* [PROVIDED INFORMATION]
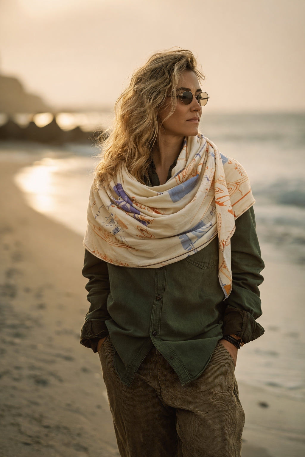 Featuring painted nautical motifs, the Cape Cod Scarf comes alive when draped or layered, creating small, delightful bursts of color and coastal storytelling in your outfit. Soft and versatile, it’s ideal for travel, casual outings, or simply adding a breezy, sophisticated touch to your look.
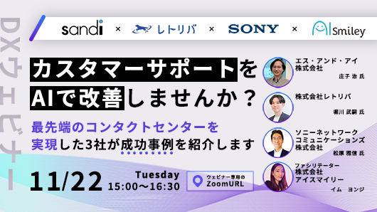企業のDXを推進する国内最大級の AI ポータルメディア「AIsmiley」を運営するアイスマイリー(東京都渋谷区、代表取締役:板羽晃司)は、2022年11月22日(火)15時から「最先端のコンタクトセンターの成功事例」をテーマにウェビナーを開催します。
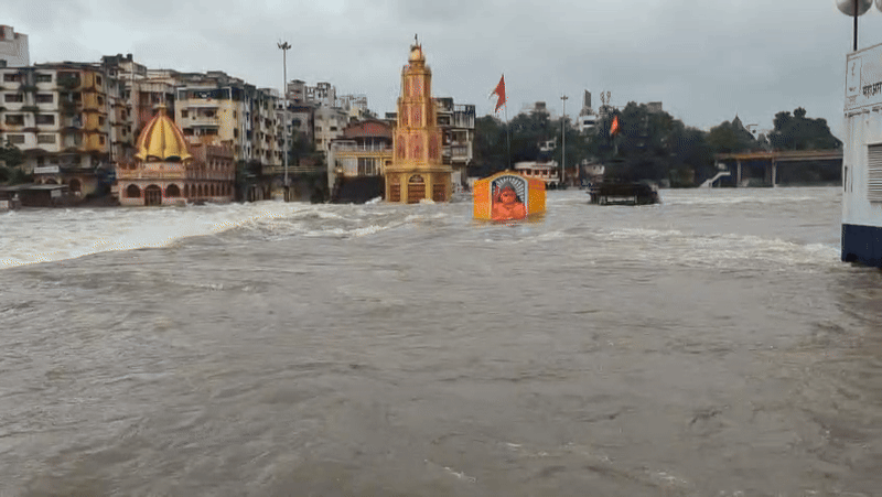नासिक और आसपास के इलाकों में लगातार हो रही लगातार बारिश के कारण गंगापुर बांध पूरी तरह से भर चुका है. इसकी वजह से कादवा नदी में पानी छोड़ा गया है. नासिक के कादवा नदी में पानी छोड़ने के कारण नदी का जलस्तर काफी बढ़ गया है. नासिक से जो वीडियो सामने आया है वो बेहद चौकाने वाला है. इस वीडियो में दिख रहा कि नदी का पानी बेहद तेज है और वह शहर के कुछ हिस्सों में घुस चुका है. नदी के बढ़े जलस्तर की वजह से कई मंदिरों में भी पानी घुस गया है.
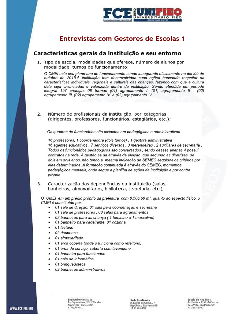 e pedagógicos, limpeza são fornecidas pela SEMEC. Além das reuniões são
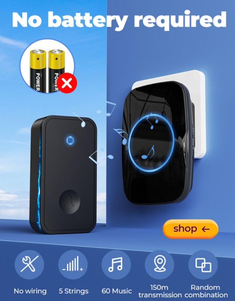 Звонок беспроводной индукционный A16Q, 150 м, 60 мелодий, с дальностью до 150 м обладает уникальной особенностью, для кнопки звонка не требуется питание и может устанавливаться на улице, водонепроницаемое исполнение. Сам звонок устанавливается в помещении с обычной вилкой 220 В. В кнопке звонка используется уникальная индукционная технология сбора энергии при нажатии на кнопку, сверхнизкая мощность потребления и беспроводная технология.
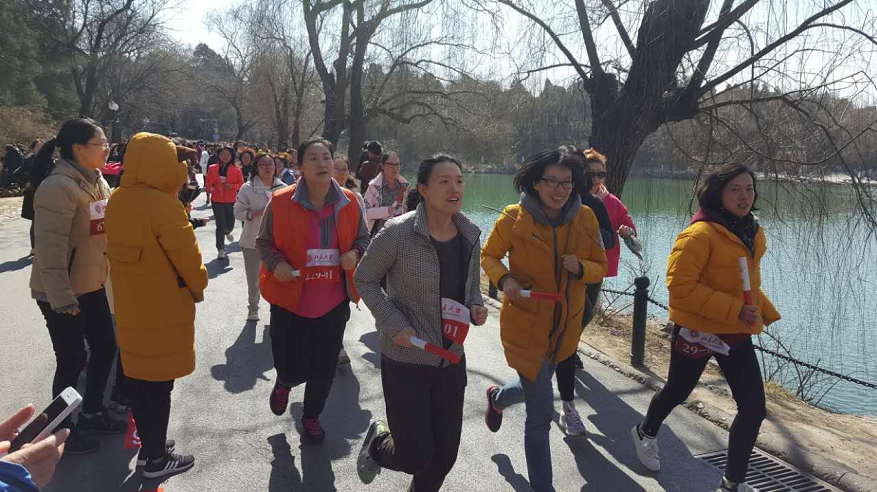 3月8日中午,校工会组织了“yl6809永利官网女教工环湖接力跑”活动,全校共组织了200多支队伍、1200名女教职工参加,盛况空前。活动形式为6人一组的环湖跑,第1棒完成环湖跑2圈后,将接力棒交给下一个队员,余下5名队员各自完成环湖跑1圈,共计7圈视为完成。单圈距离约0.9公里,7圈合计约6公里。
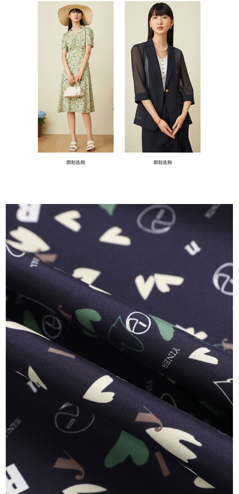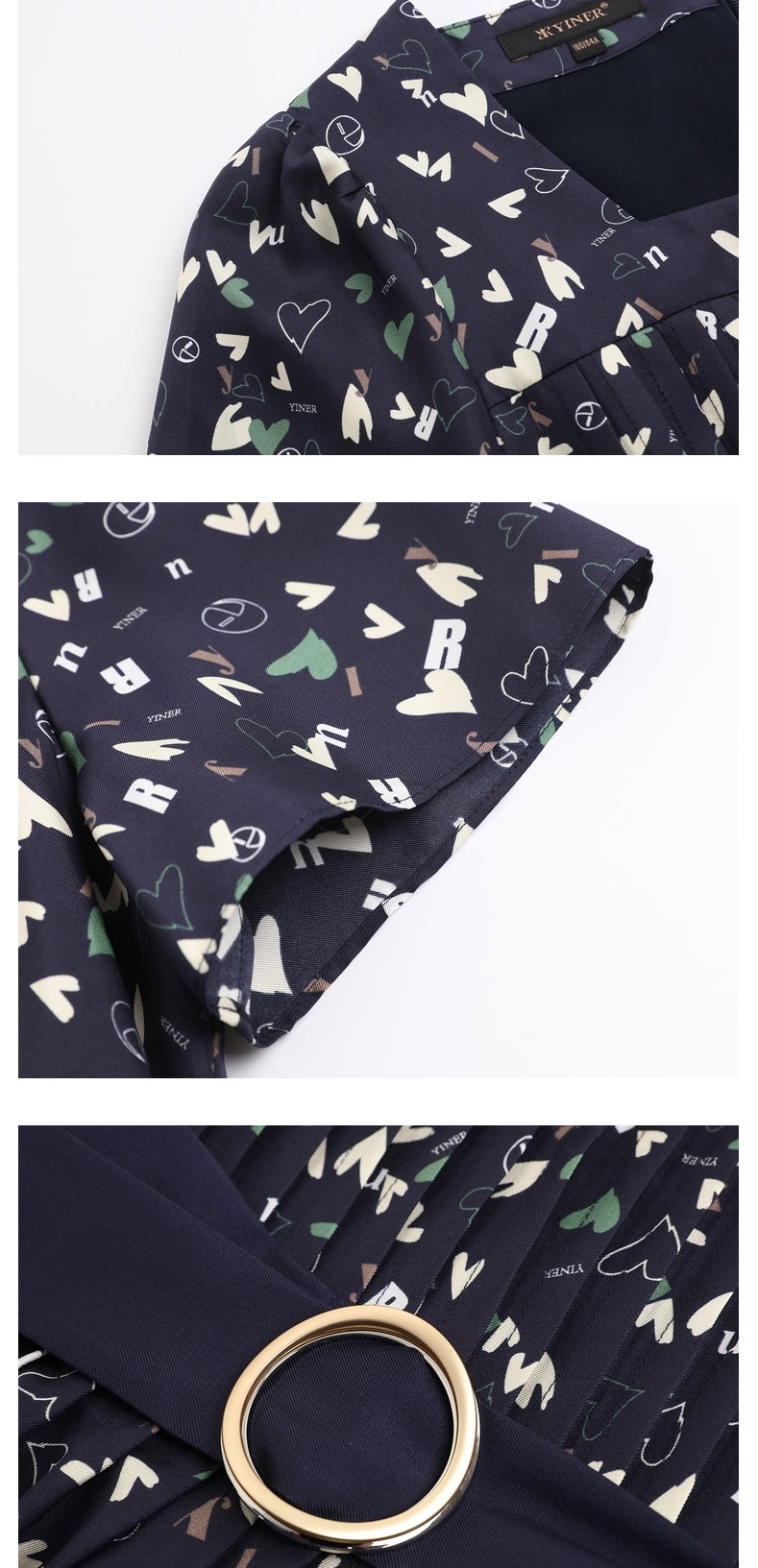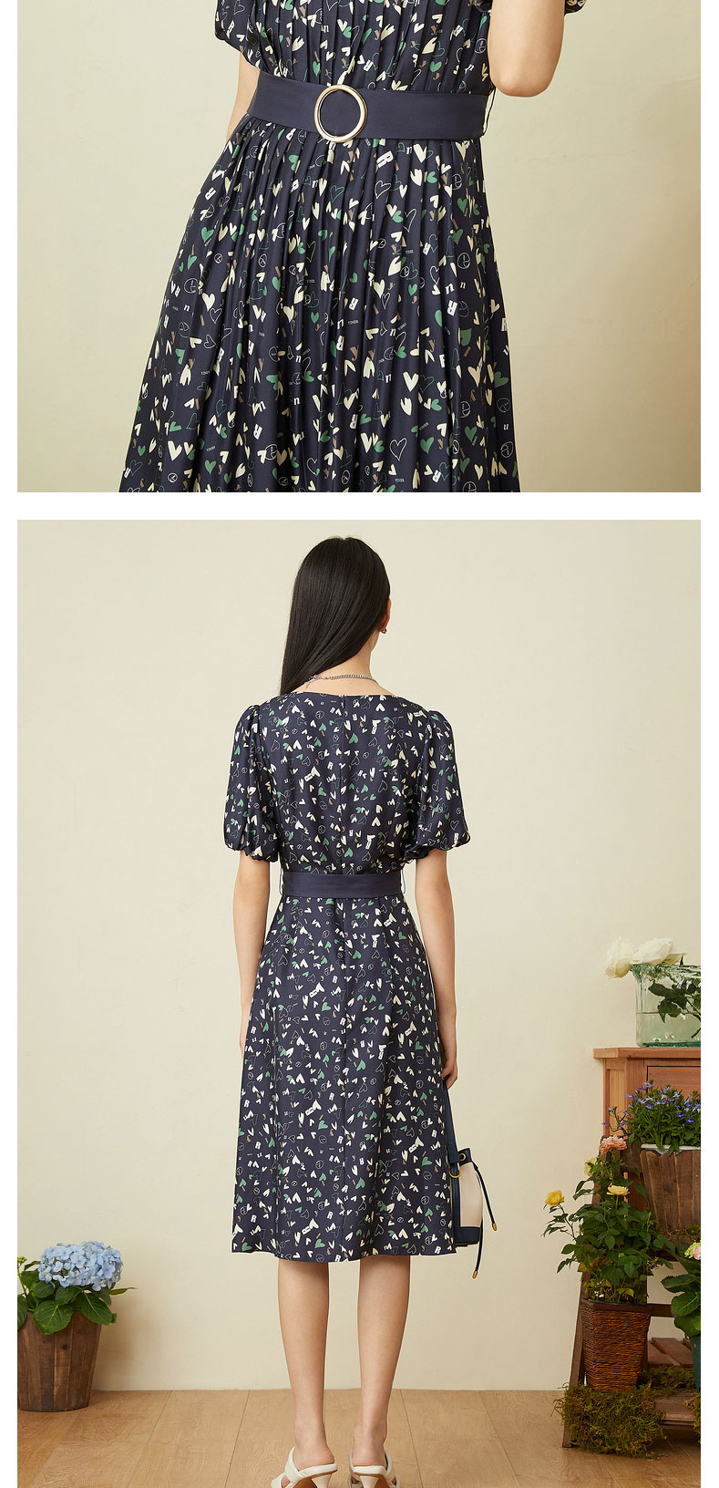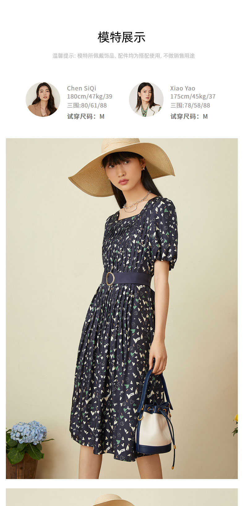 音儿女装2022夏季新款法风收腰方领真丝连衣裙8c32205760

* [WHAT NEEDS TO BE DONE] Retype the material in full, exactly as written, and exclude the pictures.

* [EXERCISE ANSWER]
 Featuring painted nautical motifs, the Cape Cod Scarf comes alive when draped or layered, creating small, delightful bursts of color and coastal storytelling in your outfit. Soft and versatile, it’s ideal for travel, casual outings, or simply adding a breezy, sophisticated touch to your look.
企業のDXを推進する国内最大級の AI ポータルメディア「AIsmiley」を運営するアイスマイリー(東京都渋谷区、代表取締役:板羽晃司)は、2022年11月22日(火)15時から「最先端のコンタクトセンターの成功事例」をテーマにウェビナーを開催します。
नासिक और आसपास के इलाकों में लगातार हो रही लगातार बारिश के कारण गंगापुर बांध पूरी तरह से भर चुका है. इसकी वजह से कादवा नदी में पानी छोड़ा गया है. नासिक के कादवा नदी में पानी छोड़ने के कारण नदी का जलस्तर काफी बढ़ गया है. नासिक से जो वीडियो सामने आया है वो बेहद चौकाने वाला है. इस वीडियो में दिख रहा कि नदी का पानी बेहद तेज है और वह शहर के कुछ हिस्सों में घुस चुका है. नदी के बढ़े जलस्तर की वजह से कई मंदिरों में भी पानी घुस गया है.
 e pedagógicos, limpeza são fornecidas pela SEMEC. Além das reuniões são
 Звонок беспроводной индукционный A16Q, 150 м, 60 мелодий, с дальностью до 150 м обладает уникальной особенностью, для кнопки звонка не требуется питание и может устанавливаться на улице, водонепроницаемое исполнение. Сам звонок устанавливается в помещении с обычной вилкой 220 В. В кнопке звонка используется уникальная индукционная технология сбора энергии при нажатии на кнопку, сверхнизкая мощность потребления и беспроводная технология.
 3月8日中午,校工会组织了“yl6809永利官网女教工环湖接力跑”活动,全校共组织了200多支队伍、1200名女教职工参加,盛况空前。活动形式为6人一组的环湖跑,第1棒完成环湖跑2圈后,将接力棒交给下一个队员,余下5名队员各自完成环湖跑1圈,共计7圈视为完成。单圈距离约0.9公里,7圈合计约6公里。
 音儿女装2022夏季新款法风收腰方领真丝连衣裙8c32205760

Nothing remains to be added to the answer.